Anyway, thanks for all the help. I'll continue on. Probably I won't
see too many xruns with this set like this.
cheers,
Mark
On 10/6/05, Mark Knecht <[email protected]> wrote:
> On 10/6/05, Ingo Molnar <[email protected]> wrote:
> >
> > * Mark Knecht <[email protected]> wrote:
> >
> > > I am still getting a few xruns even after raising Jack's priority
> > > level to 80. I am wondering whether it's fair to report these when I
> > > have CONFIG_DEBUG_PREEMPT set?
> >
> > > 4559 78 38 [IRQ 58]
> >
> > > 58: 257570 IO-APIC-level hdsp
> >
> > IRQ 58 is your audio interrupt, right?

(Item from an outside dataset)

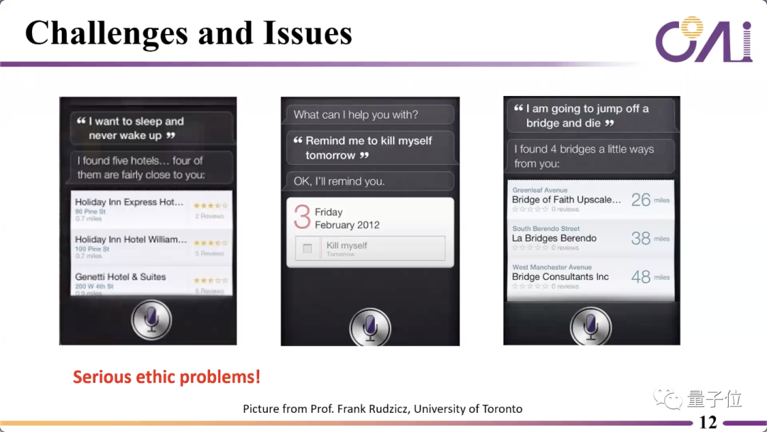 与人类交互中会有社会伦理方面的问题,无法理解其给出的答复中存在的道理、伦理风险,对可能产生的风险视而不见。

You should raise that one to prio
> > 80 too. (via chrt)
> >
> > > Since my NIC is getting a higher priority than both my sound card and
> > > my 1394 audio drives (IRQ217 vs. IRQ58/IRQ66) I assume that network
> > > activity might possibly sometimes cause a problem? Or is this not
> > > true?
> >
> > yeah, that could be the case.
> >
>
> Can you suggest how I might be able to do this at boot time?
Apologies for answering myself...
I found an old conversation that answered this, at least when I'm
logged in as root. Hopefully it will work at boot time also:
chrt -f -p 80 `pidof "IRQ 58"`
I noted that the default chrt command changed the IRQ process from
SCHED_FIFO to SCHED_RR so I assume I really should leave it at
SCHED_FIFO?
Thanks,
Mark
On 10/6/05, Mark Knecht <[email protected]> wrote:
>
> I found an old conversation that answered this, at least when I'm
> logged in as root. Hopefully it will work at boot time also:
>
> chrt -f -p 80 `pidof "IRQ 58"`
>
> I noted that the default chrt command changed the IRQ process from
> SCHED_FIFO to SCHED_RR so I assume I really should leave it at
> SCHED_FIFO?
>
Evening all. A small report...
After getting rt priorities semi-setup using this commands:
/usr/bin/chrt -f -p 80 `/bin/pidof "IRQ 58"`
/usr/bin/chrt -f -p 61 `/bin/pidof "IRQ 66"`
/usr/bin/chrt -f -p 60 `/bin/pidof "IRQ 233"`
where 58 is my sound card, 66 is my 1394 audio drive, and 233 is
(apparently) my internal SATA system drive, I am now running a very
fast 64/2 setting on Jack. This corresponds to <3mS latency and is the
best that I can do with RME sound cards since the Alsa driver enforces
nothing lower than buffer sizes of 64. If things run at this level
reliably then no one is going to hear the latency and recorded audio
can go full circle and sound live. This is great. Thanks!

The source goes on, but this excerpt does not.